What makes this story so positive, aside from Shane recovering, is what Jack plans to do when Shane returns to work. He feels that with his facial deformity, Shane can be an inspiration to people who are dealing with similar problems. Dogs don’t judge themselves or others. For Shane, the loss of his nose is a non-issue. He just wants to love and be loved. That’s a very strong message to share.

 

 

 

 

 

From the Pretty Silly to the Profound

This week the Doods and about twenty of their costumed “co-workers” brought Halloween to the kids at UCLA Mattel Children’s Hospital. Dressed as everything from superheroes to ballerinas to cowboys, the dogs cheered up so many young patients and their parents. Even the staff got into the festive mood.

ELBEE I would have made a great Superman so why was I wearing those bouncy things on my head. And Gus was a pumpkin! Really? A pumpkin?

By the way, awhile ago Gus was thinking of renting an apartment with Tommy, his Bichon buddy, to get away from Stanley. Well I’m also thinking of relocating. Tommy’s person Donna dressed like a shepherd and let Tommy and his new sister Finley be her sheep, ergo no silly costumes. I wonder if she has an extra room.

GUS I think I’m going with him. Finley is little and cute and it seems like she kind of likes me. Plus, I don’t know if it’s my imagination but Stanley seems to be getting bigger every day. I’m concerned.

The Halloween excitement was actually a welcome change of pace from some very challenging visits that Gus and Elbee had done only a few days before. At UCLA, a palliative care specialist had tracked us down for an elderly woman who was desperately requesting a dog visit. She was in extreme pain but when Gus put his paws on the side of her bed, it seemed to bring her immediate comfort.

At Providence Tarzana Hospital, a rabbi asked us to stop in to see a young woman who was battling cancer.
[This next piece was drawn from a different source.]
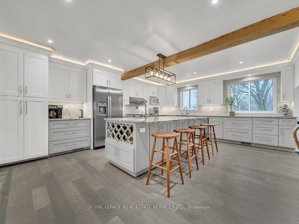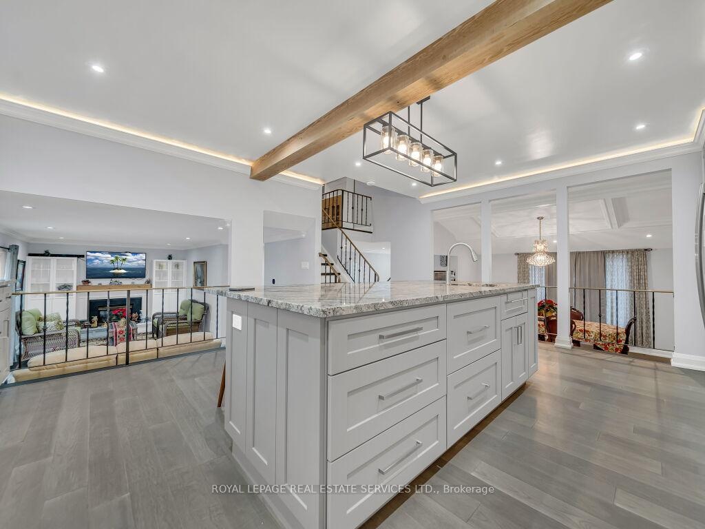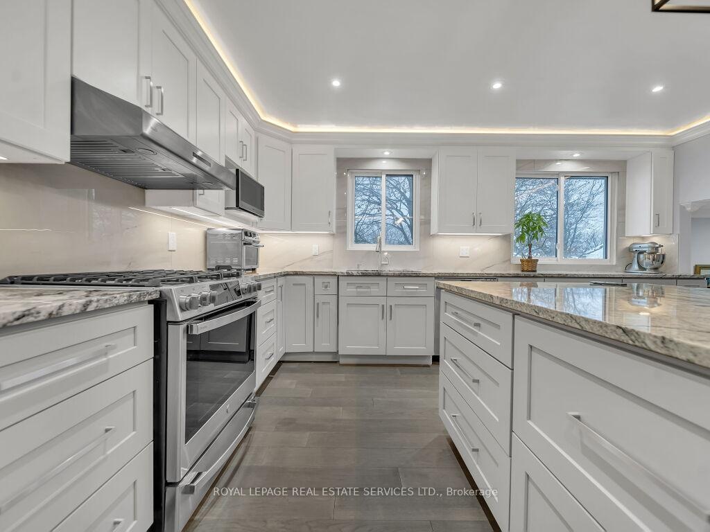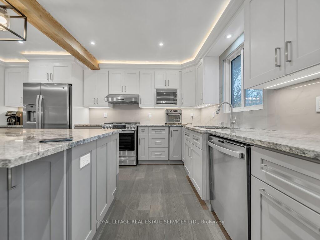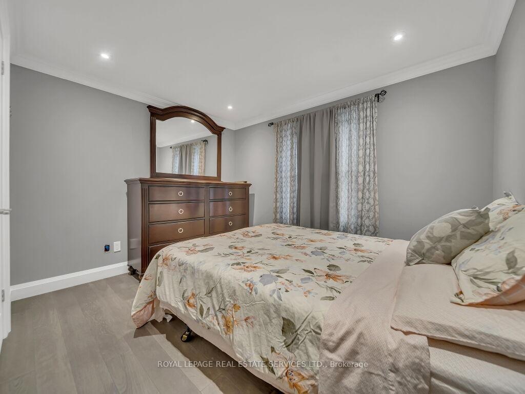 Welcome to this beautifully upgraded home showcasing luxury, comfort, and efficiency in every detail. Featuring a brand-new high-efficiency Trane furnace and air conditioner (installed July 2025) with a 10-year parts and labour warranty, this property is truly move-in ready and built to last.Enjoy the benefits of a new upgraded water softener with chlorine remover and a fully upgraded 200 AMP electrical system (ESA approved). The entire home has been enhanced with modern pot lighting throughout the interior and outdoor soffits, creating a warm and inviting ambiance day and night.Elegant plaster crown moulding adorns every room, complemented by decorative plaster beams in the dining area, adding timeless character and craftsmanship.Step outside to beautifully landscaped grounds featuring paver stone walkways and patios surrounding the front, side, and backyard. The home offers parking for five or more vehicles, including two covered spaces for added convenience.Inside, enjoy porcelain tile flooring in the hallways and bathrooms, paired with engineered hardwood floors throughout the main living areas, kitchen, and stairs. The heated garage features a 100 AMP panel, as well as a side door and window for extra functionality.The modern kitchen (2023) is a chef's delight, complete with a large island (8'3" 4'3"), sleek cabinetry, and premium brand-name appliances including a refrigerator, gas stove with air fryer, dishwasher, washer, and dryer.Every bathroom has been beautifully renovated with custom cabinetry and upgraded fixtures, while crystal chandeliers in the dining room, hallways, and primary bedroom add a touch of elegance and sophistication.This exceptional home seamlessly blends modern upgrades with classic finishes-offering comfort, efficiency, and style in every corner. Partially Finished with updated wall studs and Insulation. All electrical completed. Ready for drywall. High ceilings.

She was having an emotionally rough morning. Clearing it with the doctor, I brought the dogs in to see her. As Gus cuddled on the bed with her and Elbee stood by her side for petting, she was relaxed and chatting. The woman’s mother was visiting at the time and her relief was almost palpable.

That same morning, one of Tarzana’s palliative care specialists asked if we’d stop in to see the family of a man who was dying. They didn’t think he’d make it through the day. As we got to the door of the room, we were greeted so warmly and appreciatively by a man and a woman whom I believed to be the patient’s son and his wife.

For the next few minutes, we quietly talked as they interacted with the dogs. There was a sense of calm and connection. When it was time for us to leave, we all hugged goodbye. It was such a natural reaction that it was hard to believe only a short time before we had been total strangers.